DIRECTIONS: In the records that follow, the lines from the one containing "WEB予約の際は、ネイルパフ" to the one containing "鲸海拾贝&厦门津藤学校共建AI人才培养高地", inclusive, are to be given again exactly.

DATA SHOWN:
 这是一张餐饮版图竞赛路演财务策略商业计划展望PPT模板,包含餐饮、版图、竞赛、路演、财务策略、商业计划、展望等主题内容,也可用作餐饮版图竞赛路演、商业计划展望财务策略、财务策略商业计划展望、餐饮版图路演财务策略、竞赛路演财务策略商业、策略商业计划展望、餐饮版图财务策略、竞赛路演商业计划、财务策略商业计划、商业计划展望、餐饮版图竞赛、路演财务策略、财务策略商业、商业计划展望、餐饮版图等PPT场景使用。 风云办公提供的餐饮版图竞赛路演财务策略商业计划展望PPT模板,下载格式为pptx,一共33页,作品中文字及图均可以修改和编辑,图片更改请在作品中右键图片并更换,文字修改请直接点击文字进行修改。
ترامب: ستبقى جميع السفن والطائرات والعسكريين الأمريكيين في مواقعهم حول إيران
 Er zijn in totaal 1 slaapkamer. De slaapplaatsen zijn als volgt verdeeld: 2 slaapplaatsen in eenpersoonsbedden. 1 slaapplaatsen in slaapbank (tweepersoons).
==
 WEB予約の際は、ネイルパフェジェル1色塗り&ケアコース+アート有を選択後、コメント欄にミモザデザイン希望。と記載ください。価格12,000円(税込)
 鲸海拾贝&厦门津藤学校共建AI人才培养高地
==
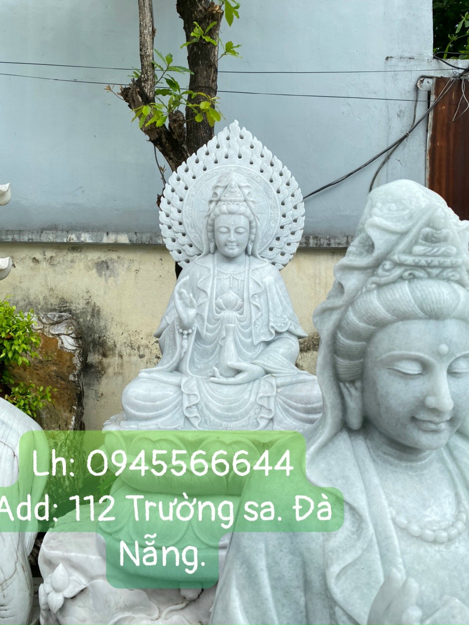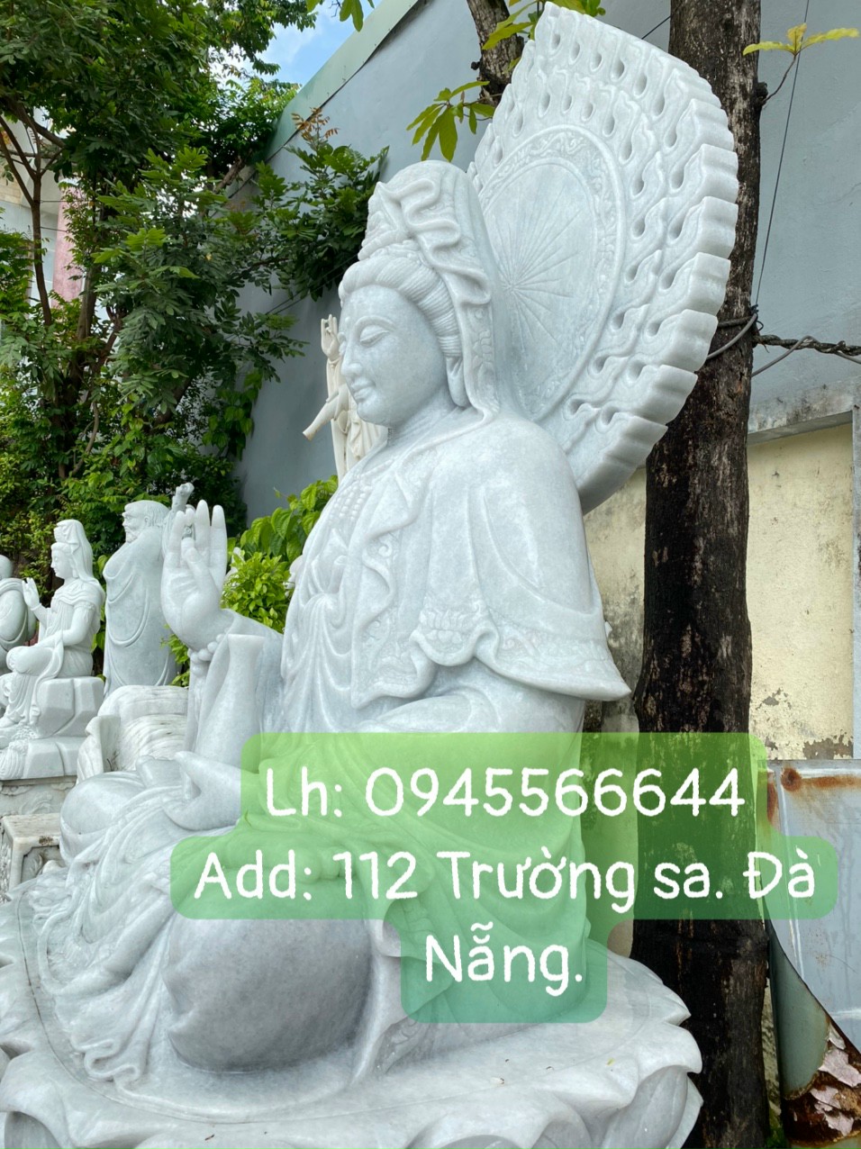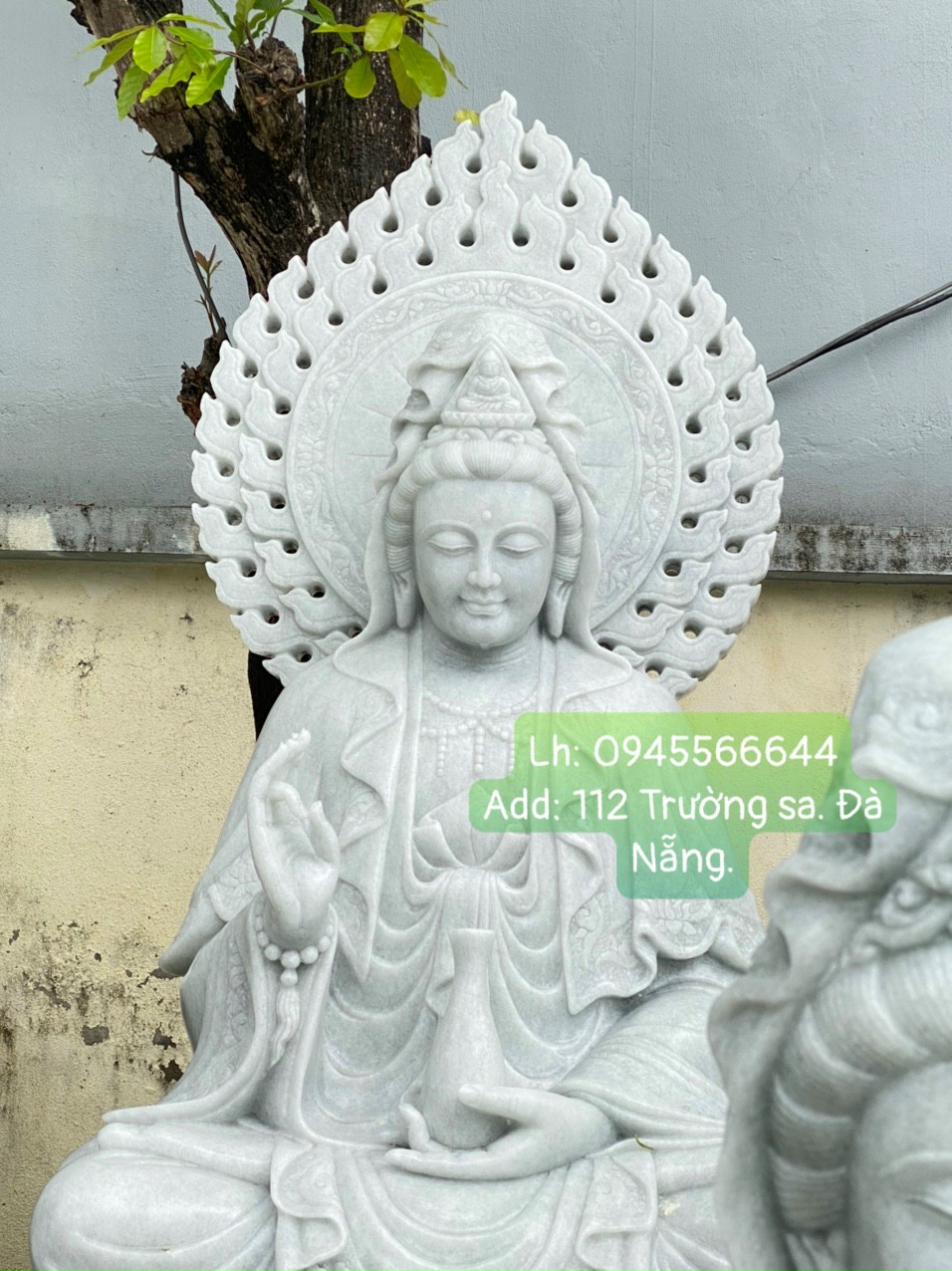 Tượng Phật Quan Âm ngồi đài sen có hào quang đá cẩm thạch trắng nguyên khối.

REPLY TO THE EXERCISE:
 WEB予約の際は、ネイルパフェジェル1色塗り&ケアコース+アート有を選択後、コメント欄にミモザデザイン希望。と記載ください。価格12,000円(税込)
 鲸海拾贝&厦门津藤学校共建AI人才培养高地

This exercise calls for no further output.